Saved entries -
* * * * * * * * *

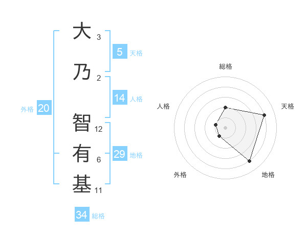 大乃 智有基さんを姓名の画数から五運を鑑定
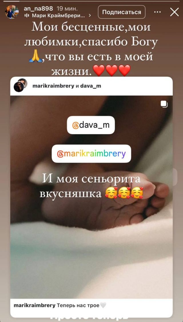 Дава и Мари Краймбрери обзавелись новым статусом – у пары родился первенец. Супруги не стали скрывать радостную новость от своих поклонников и поделились ею в запрещенной соцсети.
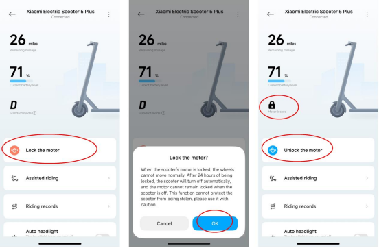 APP에서 [모터 잠금]을 탭하면 스쿠터가 모터 잠금 상태로 들어가고 24시간 후에 자동으로 종료되며 다시 켤 때 모터 잠금 상태를 유지합니다. 모터 잠금 상태에서 스쿠터를 누르면 대시보드에서 알람이 울리고 스쿠터 버튼을 누를 수 없습니다. 이 기능은 스쿠터 도난을 방지할 수 없으므로 스쿠터를 올바르게 보관하십시오. 모터 잠금 기능을 사용하면 스쿠터의 배터리가 소모되므로 이 기능을 합리적으로 사용하십시오.
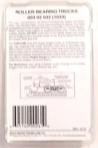Micro-Trains(R) trucks feature detailed side frames molded in durable engineering plastic. Trucks are available complete with couplers in various lengths or without couplers.
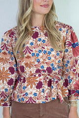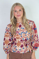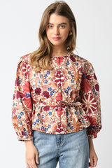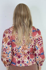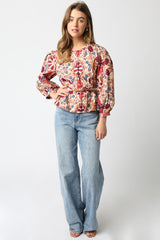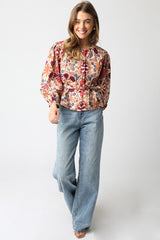 Adele Printed Button Down Blouse, Cream Rust
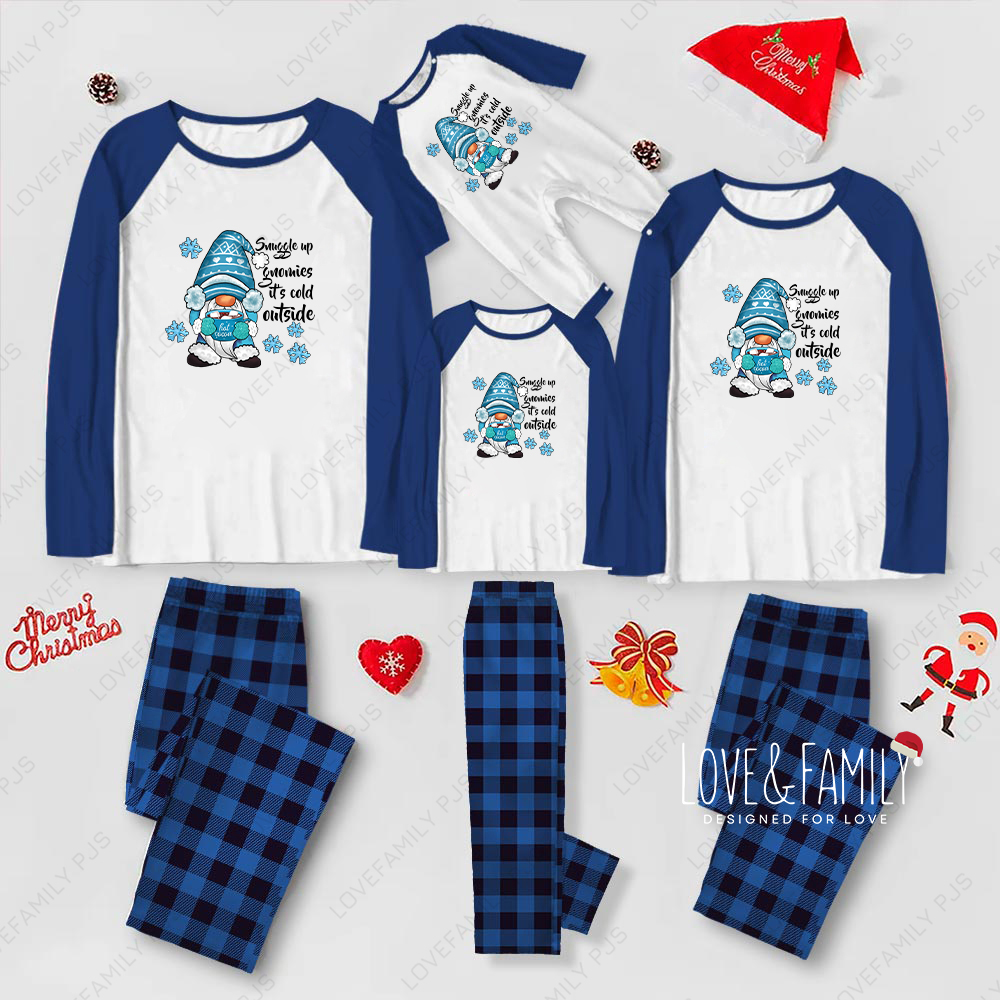 Winter Gnomes Christmas Family Matching Pajamas Blue Plaid Sets

* * * * * * * * *

Restate the data word for word from its first line through the line with "APP에서 [모터 잠금]을", leaving out any picture along the way.

Answer below -
 大乃 智有基さんを姓名の画数から五運を鑑定
 Дава и Мари Краймбрери обзавелись новым статусом – у пары родился первенец. Супруги не стали скрывать радостную новость от своих поклонников и поделились ею в запрещенной соцсети.
 APP에서 [모터 잠금]을 탭하면 스쿠터가 모터 잠금 상태로 들어가고 24시간 후에 자동으로 종료되며 다시 켤 때 모터 잠금 상태를 유지합니다. 모터 잠금 상태에서 스쿠터를 누르면 대시보드에서 알람이 울리고 스쿠터 버튼을 누를 수 없습니다. 이 기능은 스쿠터 도난을 방지할 수 없으므로 스쿠터를 올바르게 보관하십시오. 모터 잠금 기능을 사용하면 스쿠터의 배터리가 소모되므로 이 기능을 합리적으로 사용하십시오.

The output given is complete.